Task input:
————

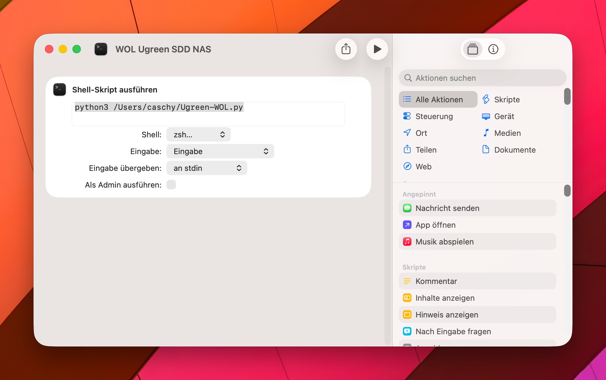 Wer – wie ich – faul ist, tippt das natürlich nicht jedes Mal. Erstellt einen neuen Kurzbefehl, wählt „Shell-Skript ausführen“ und kopiert den Befehl python3 nebst Pfadangabe zum Script dort rein. Das könnt ihr euch dann sogar in die Menüleiste legen oder per Spotlight aufrufen.
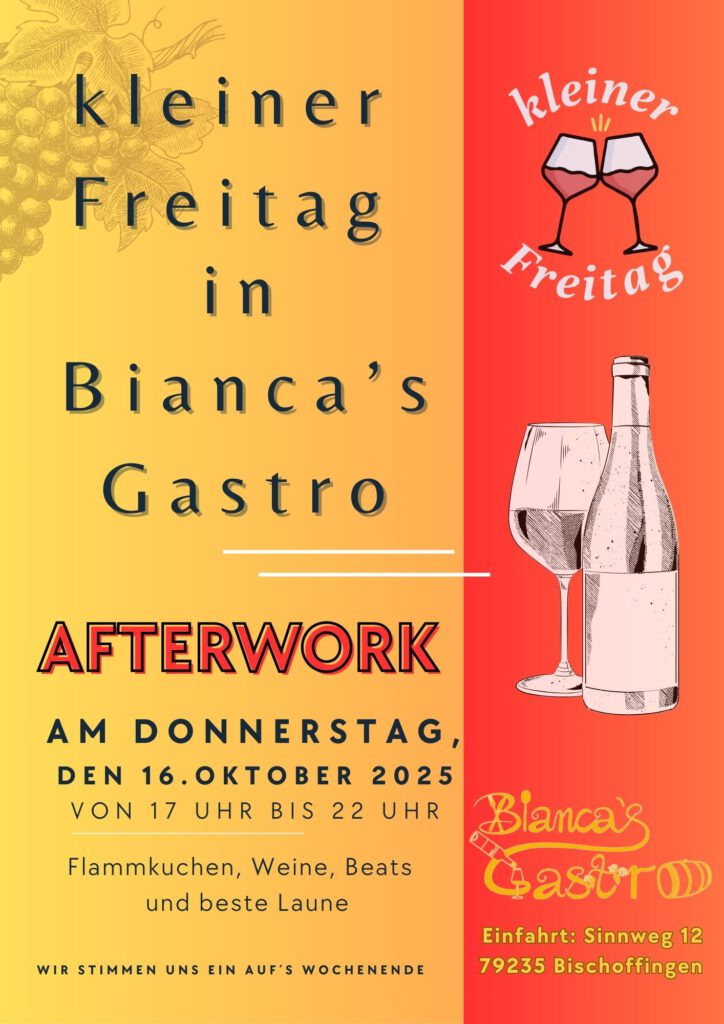 Weiter geht’s am Donnerstag, den 16.10.2025 AFTERWORK in BIANCA’S GASTRO
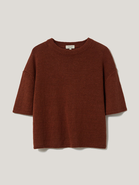 Embrace the art of laid-back, summertime elegance with this breathable linen knitted top. A relaxed, boxy silhouette meets a crew neckline, culminating in a chic yet understated aesthetic, especially when paired with the matching skirt.
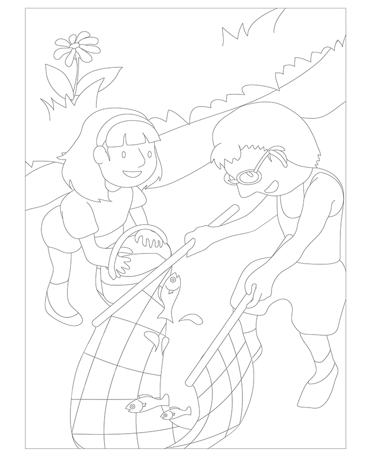 아래 그림을 예쁘게 색칠하고 (물고기잡기)에 대해 이야기 해보세요.
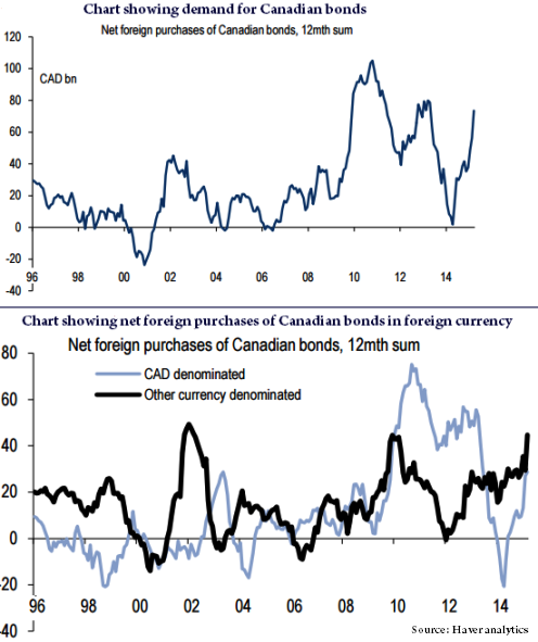 - High demand for Canadian bonds bearing coupons in foreign currency: Net foreign cash inflows in Canadian debt were viewed as a safe haven destination.

————

Exercise details:
Return the listing unchanged, but drop every picture.

Task output:
 Wer – wie ich – faul ist, tippt das natürlich nicht jedes Mal. Erstellt einen neuen Kurzbefehl, wählt „Shell-Skript ausführen“ und kopiert den Befehl python3 nebst Pfadangabe zum Script dort rein. Das könnt ihr euch dann sogar in die Menüleiste legen oder per Spotlight aufrufen.
 Weiter geht’s am Donnerstag, den 16.10.2025 AFTERWORK in BIANCA’S GASTRO
 Embrace the art of laid-back, summertime elegance with this breathable linen knitted top. A relaxed, boxy silhouette meets a crew neckline, culminating in a chic yet understated aesthetic, especially when paired with the matching skirt.
 아래 그림을 예쁘게 색칠하고 (물고기잡기)에 대해 이야기 해보세요.
 - High demand for Canadian bonds bearing coupons in foreign currency: Net foreign cash inflows in Canadian debt were viewed as a safe haven destination.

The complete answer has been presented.